Покинув семинарию в Куперстауне в июле 1856 года, молодой студент работал на родной ферме в Катскиллских горах до самой осени, когда начал преподавать в школе в Баффало-Гроув, штат Иллинойс, где проработал до следующей весны, после чего вернулся на Восток, чтобы жениться, как он выражается, на «девушке, которую я оставил позади».

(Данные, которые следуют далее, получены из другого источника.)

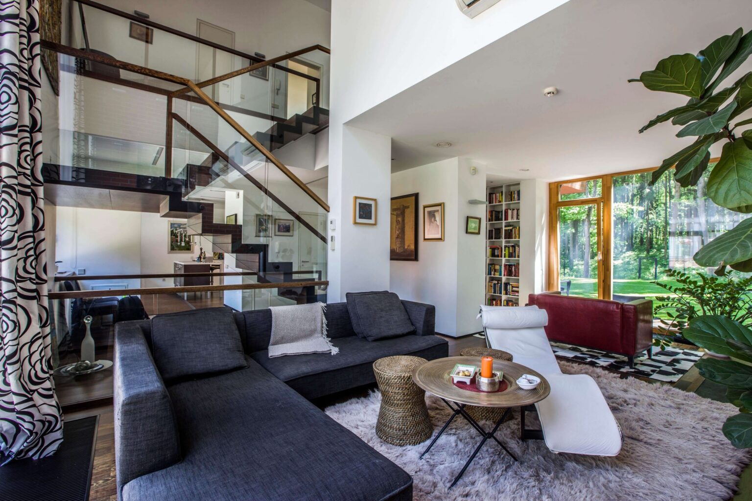 Architekto Gintaro Kuginio projektuotų individualių namų kvartalas atitiko esminius lokacijos kriterijus, kuriuos kėlė tuomet būsto besižvalgę verslininkai Ingrida ir Simonas Gelminauskiai: jis buvo arti gamtos, bet ir arti miesto centro. Iš tiesų Rotušės aikštę iš namų prireikus paprasta pasiekti pėsčiomis. Taip pat paprasta čia gyvenant užmiršti sostinės šurmulį: būsto kiemas remiasi į miško teritoriją, prie tvoros užklysta stirnų, lapių, o naktimis suūbauja pelėda.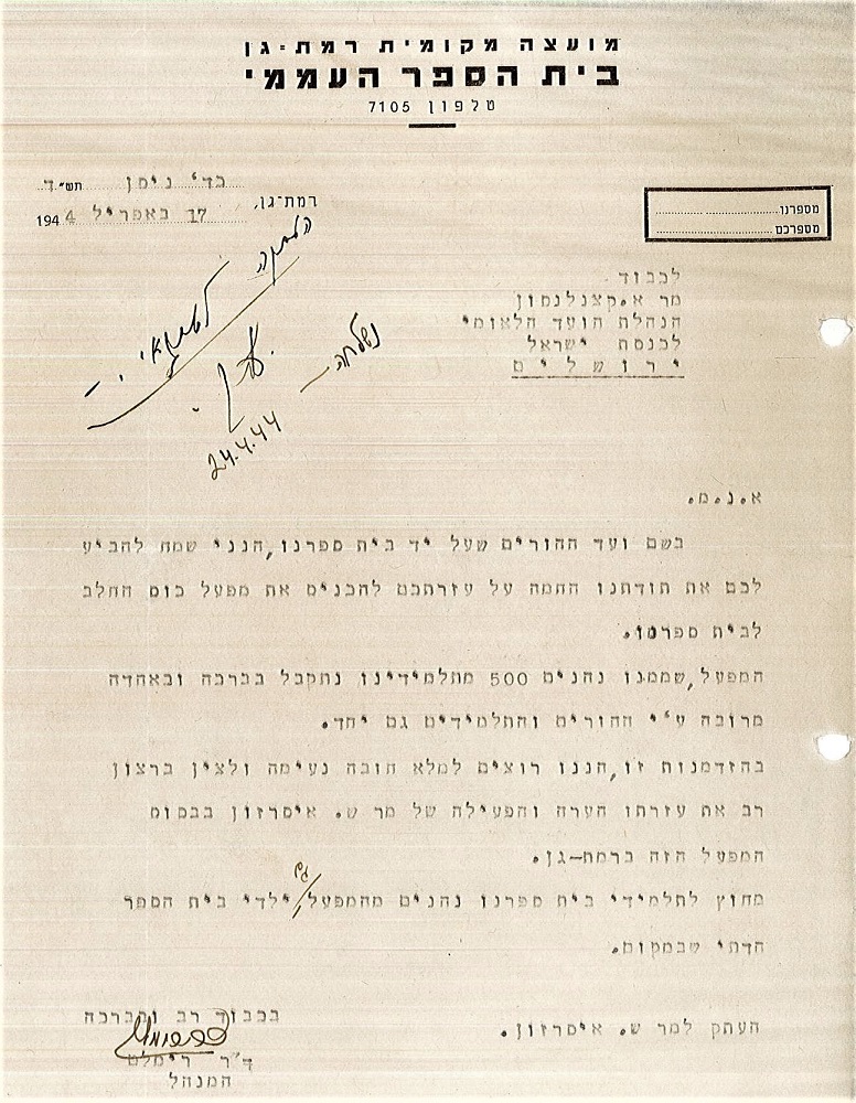 מכתב תודה מבית הספר היסודי ברמת גן על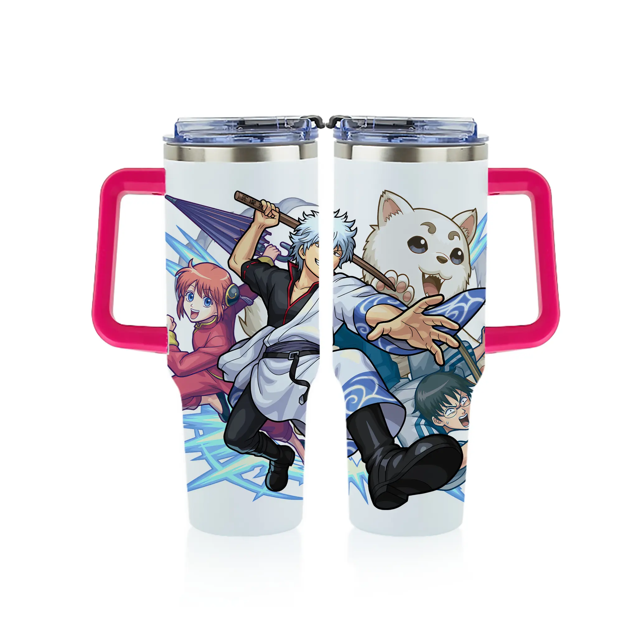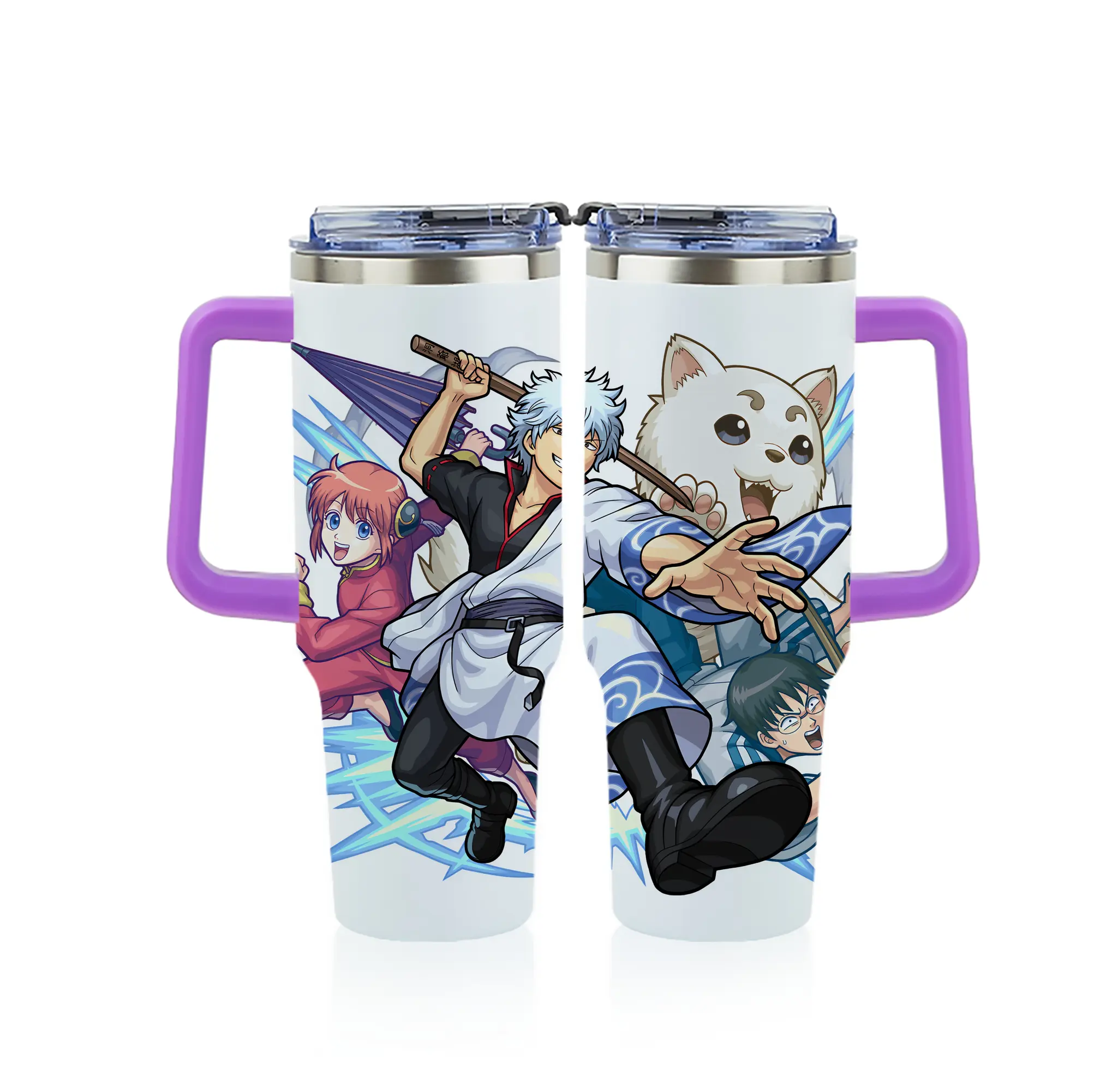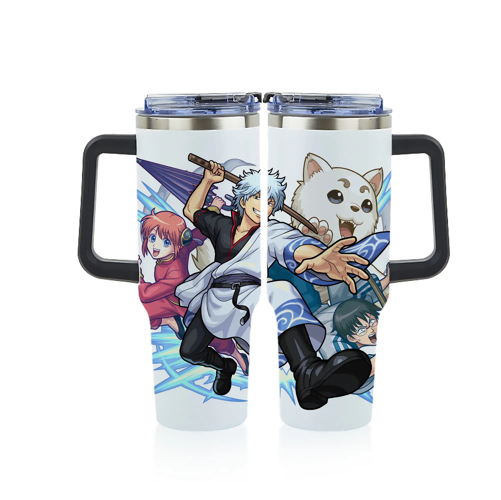 銀魂 グッズ 坂田 銀時 - 1200mL フルプリント車用タンブラー ・ 304ステンレス 内側 ・ 201ステンレス 外側 ・ 保温 保冷 ・ 通勤 ドライブ アウトドア用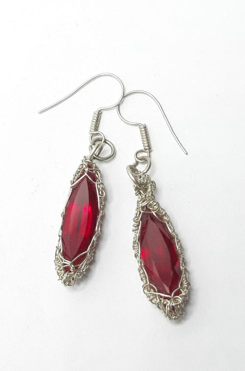 orecchini in argento puro realizzato a mano con tecnica a maglia impreziosito da cristalli di tormalina, anallergici.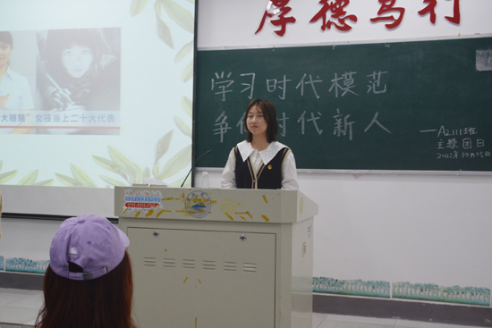 比赛中,各团支部书记带领同学们学习“以青春之我,铸中国之梦”、“向第二个百年奋斗目标进军”、“学习时代楷模,争做时代新人”、“学百年团史,寻青春足迹”等主题内容,通过PPT向同学们讲述了党的二十大报告的主要内容及其精神内涵。为活跃气氛,有的团支部还设计了小游戏及谈论交流环节,同学们踊跃发言,表达自己的感悟。A2111班吴可伊同学获得比赛第一名,A2112班蔡科达同学获得比赛第二名,A2113班黄梅鑫同学获得比赛第三名。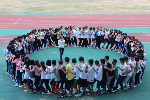 下午两点三十分,团学的成员们分成八个小组在公司真草运动场集中进行了紧张艰苦的拓展培训,由团总支副书记黎建强、员工会主席黎志斌等作为培训官监督主持培训。在开展的“爱的抱抱”、“翻纸牌”、“搬运士兵”和“圆形人椅”四个游戏中,各队员展现了他们的团结合作和应变能力。其中,在“搬运士兵”这一考验信任、合作和体力的游戏中,各队员们互相扶助,让人桥上的人顺利前进,作为人桥的一些成员即使受伤了也坚持了下来,让人感动。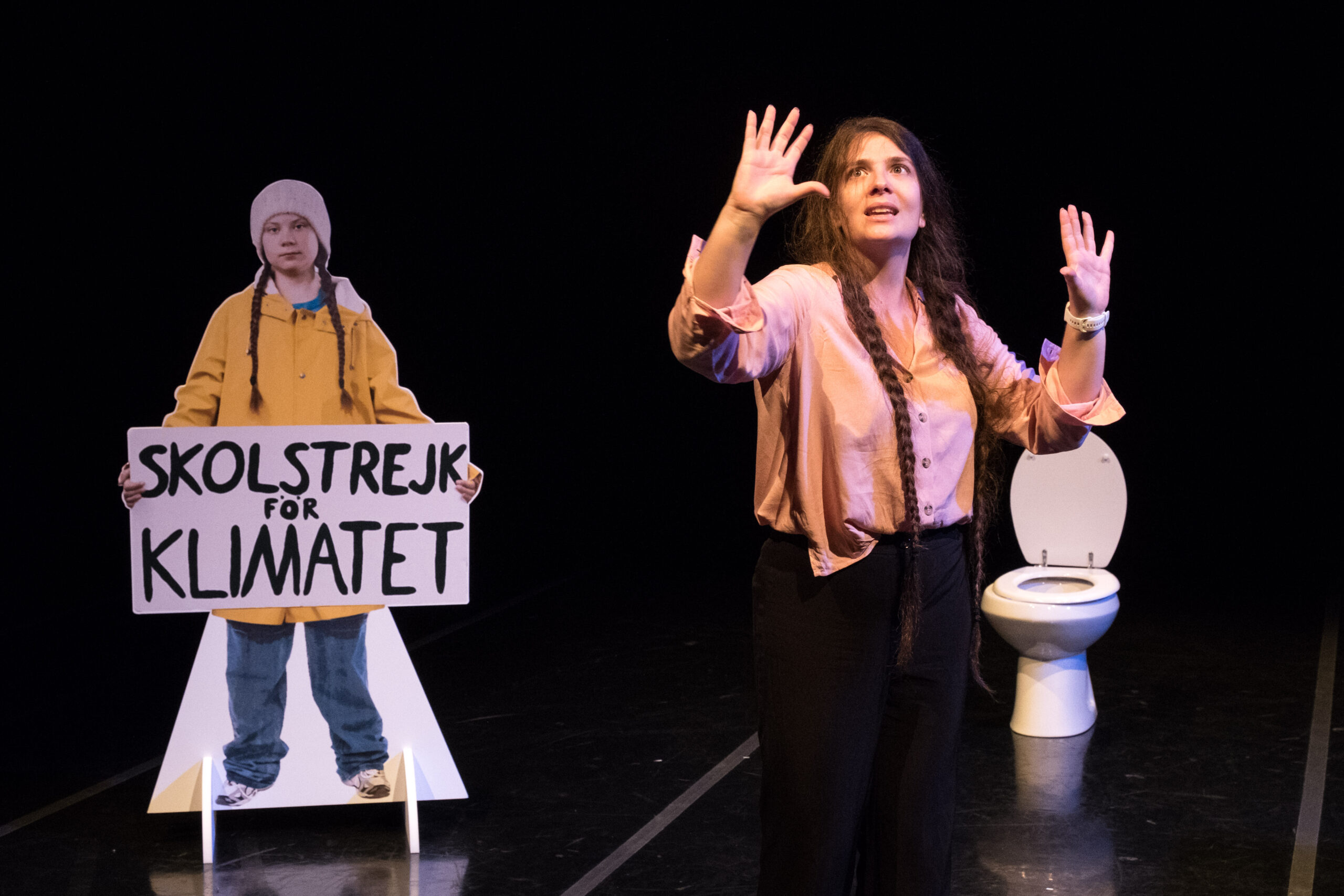 Una giovane donna trentenne, nell’intimità protetta del suo bagno, attende con apprensione l’esito del test di gravidanza appena effettuato. Accanto a lei la sagoma a grandezza naturale di Greta Thunberg, la nota attivista per il clima. Eroina generazionale ed amica immaginaria, Greta è la sola a cui la protagonista si sente di confidare i suoi interrogativi e le sue paure. Da questo flusso di pensieri emerge un inconscio tormentato dall’ansia esistenziale e dalla prospettiva di un futuro globale nero e senza speranza. Dal groviglio di pensieri emergono molti argomenti di attualità: l’ecologia, il rapporto con le nuove tecnologie, i diritti LGBTQ+, le disuguaglianze economiche e sociali, temi di fronte ai quali la protagonista si sente disarmata, al contrario del suo alter-ego Greta, icona e simbolo sociale che sembra affrontare di petto ogni situazione ed uscirne vincitrice. Il risultato è un’affabulazione dai toni ironici e graffianti che lasciano spazio a momenti di fragilità e tenerezza.
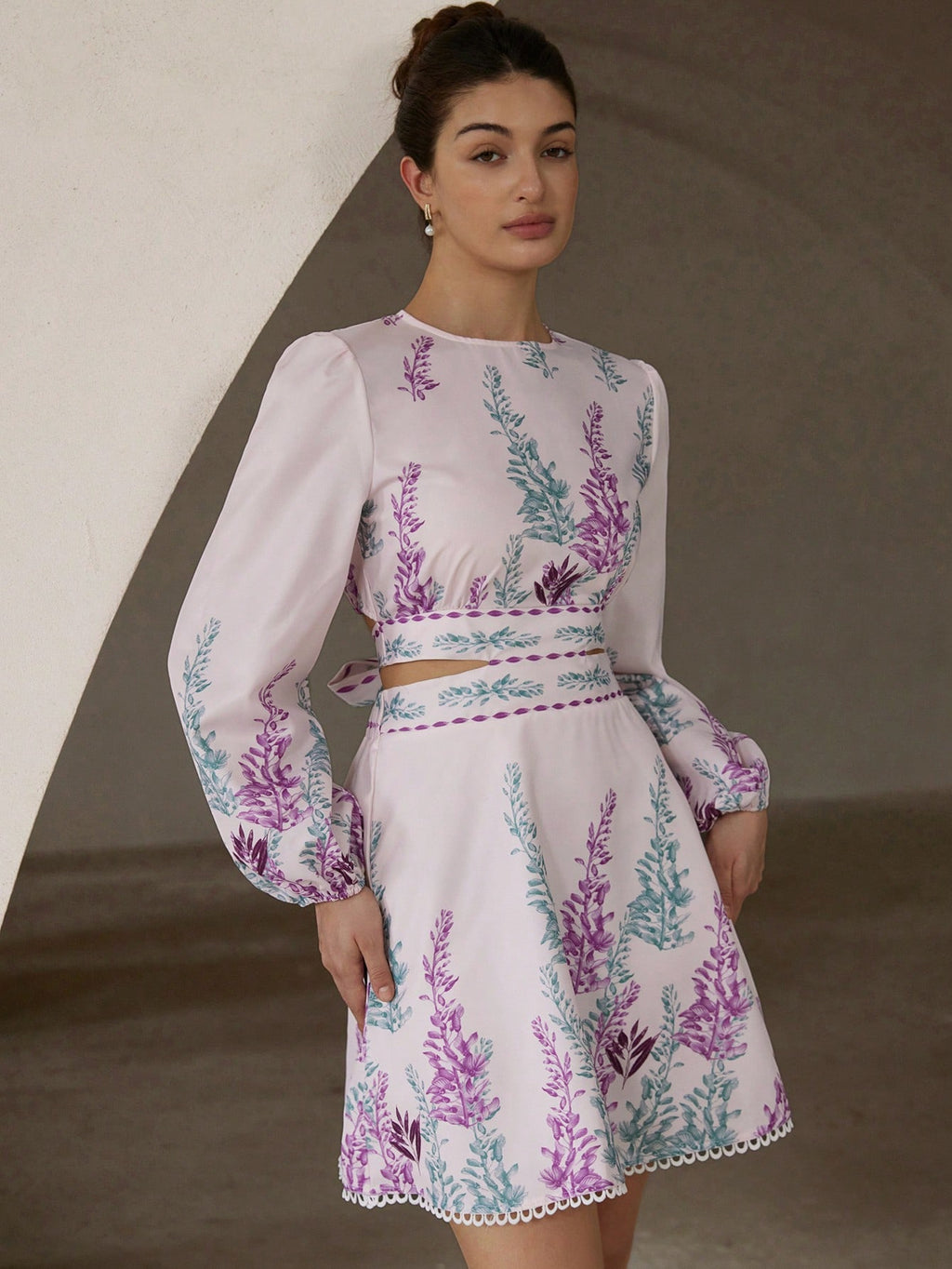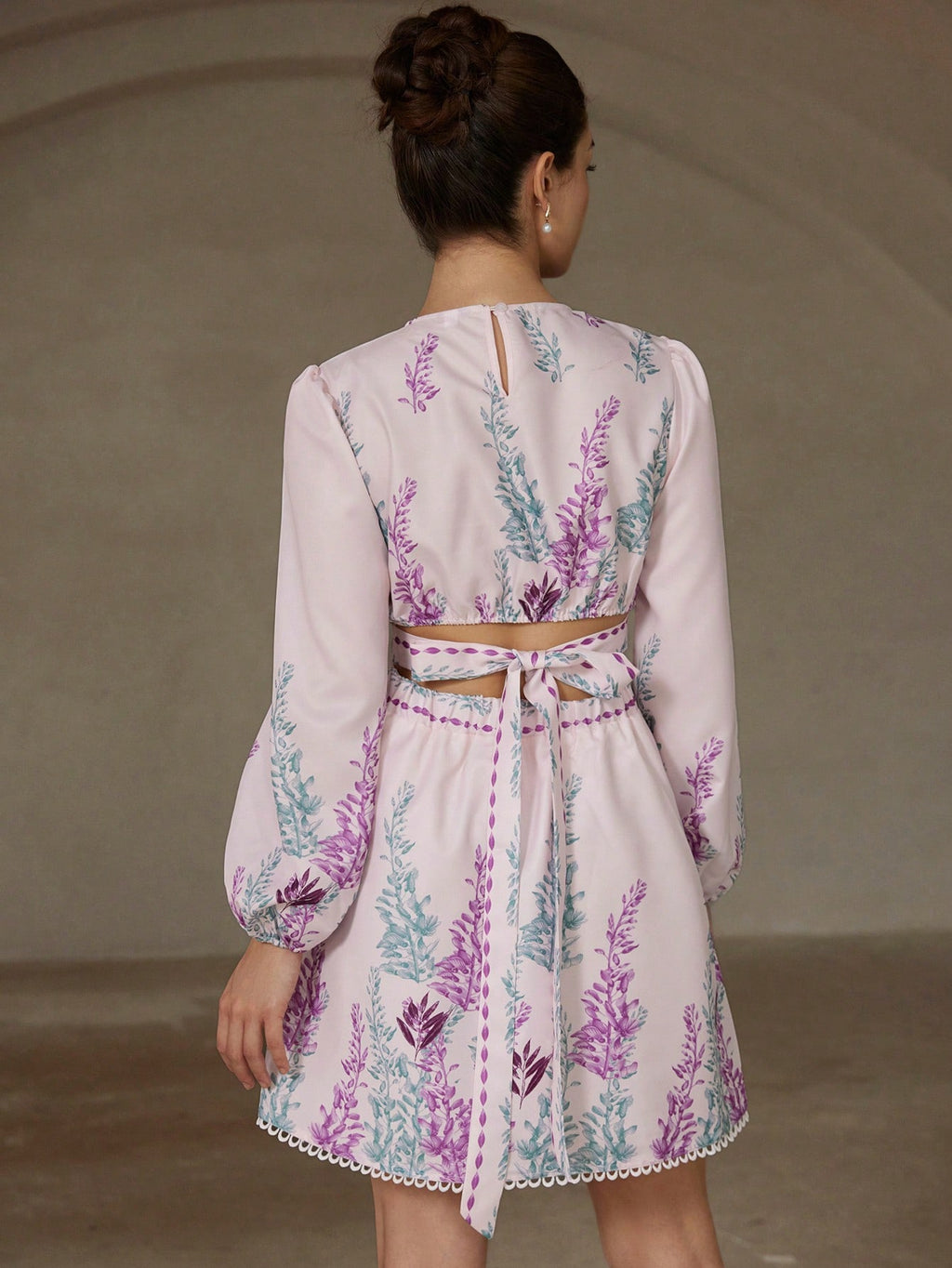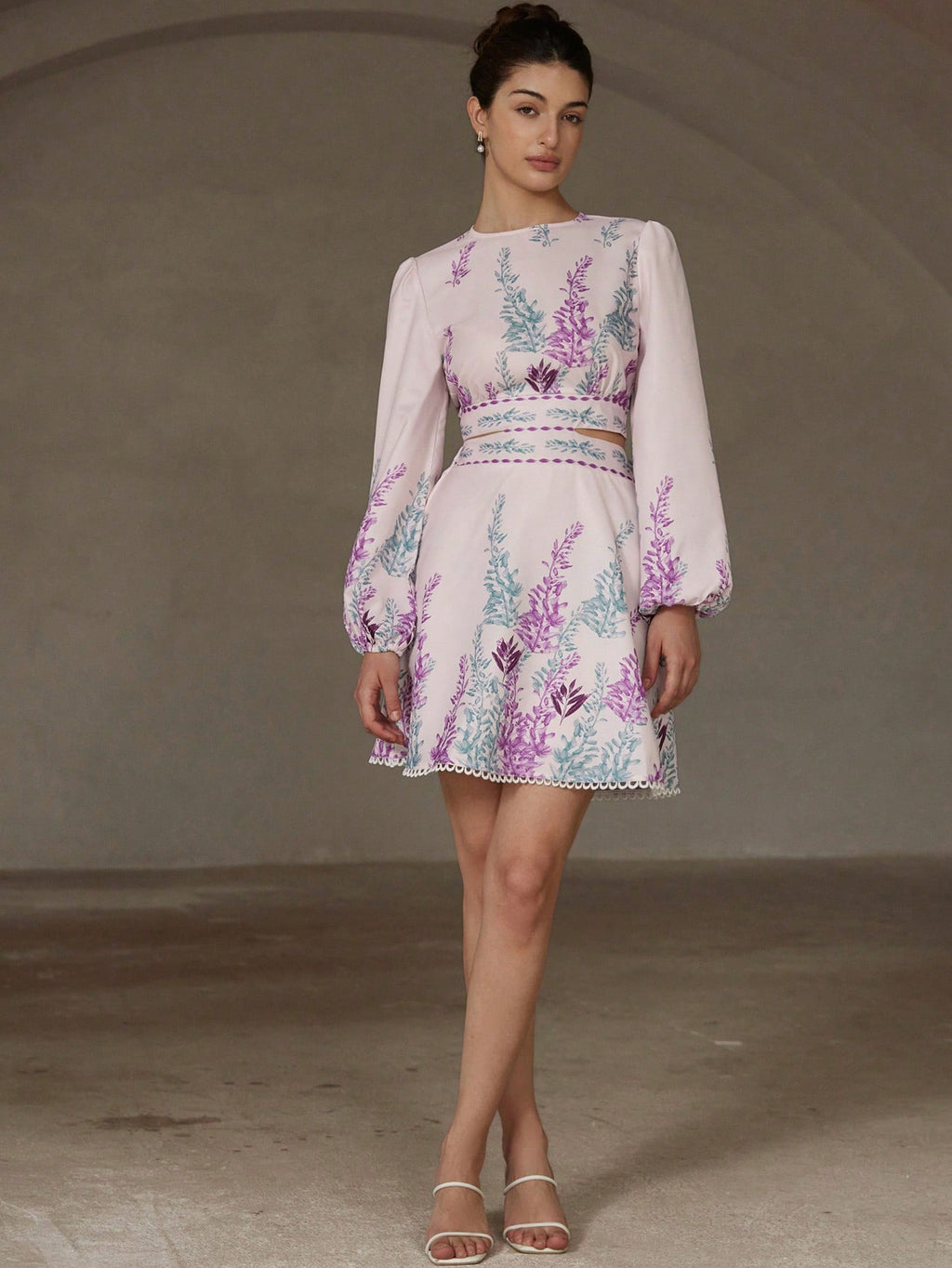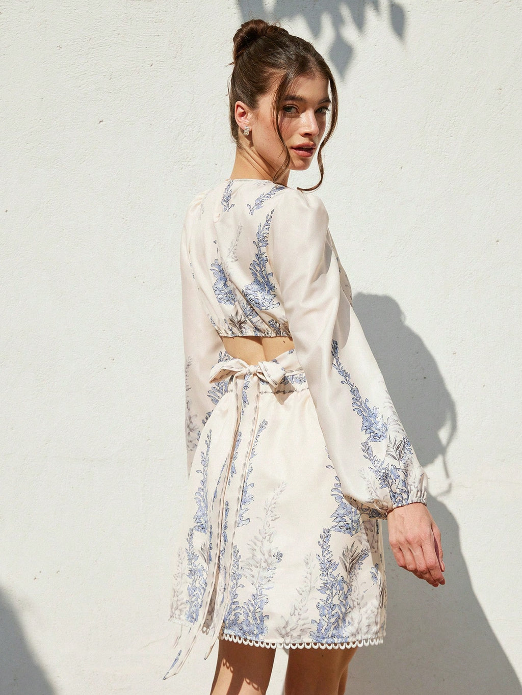 MiuVogue Rosie French Retro Palace Style Elegant A-Line Mini Dress, Small Round Neck, Waist Hollow Design, Lantern Sleeves, Retro Placement Print, Waist Cinching Design Boho Vacation FashionableStyle For Spring Fall

Затем он преподавал в различных школах Нью-Йорка и Нью-Джерси вплоть до осени 1863 года. Как правило, летом он работал на семейной ферме.

В этот период он много читал и пробовал силы в письме. Был небольшой перерыв в его учительской работе, когда он вложил свои заработки в патент на пряжку, и на короткое время у него появились мечты о богатстве. Но затея с пряжкой провалилась, мечты развеялись, и он начал изучать медицину и возобновил преподавание.

(С 1859 по 1862 год он много писал, в основном на философские темы. Именно в 1863 году он впервые заинтересовался птицами. — К. Б.)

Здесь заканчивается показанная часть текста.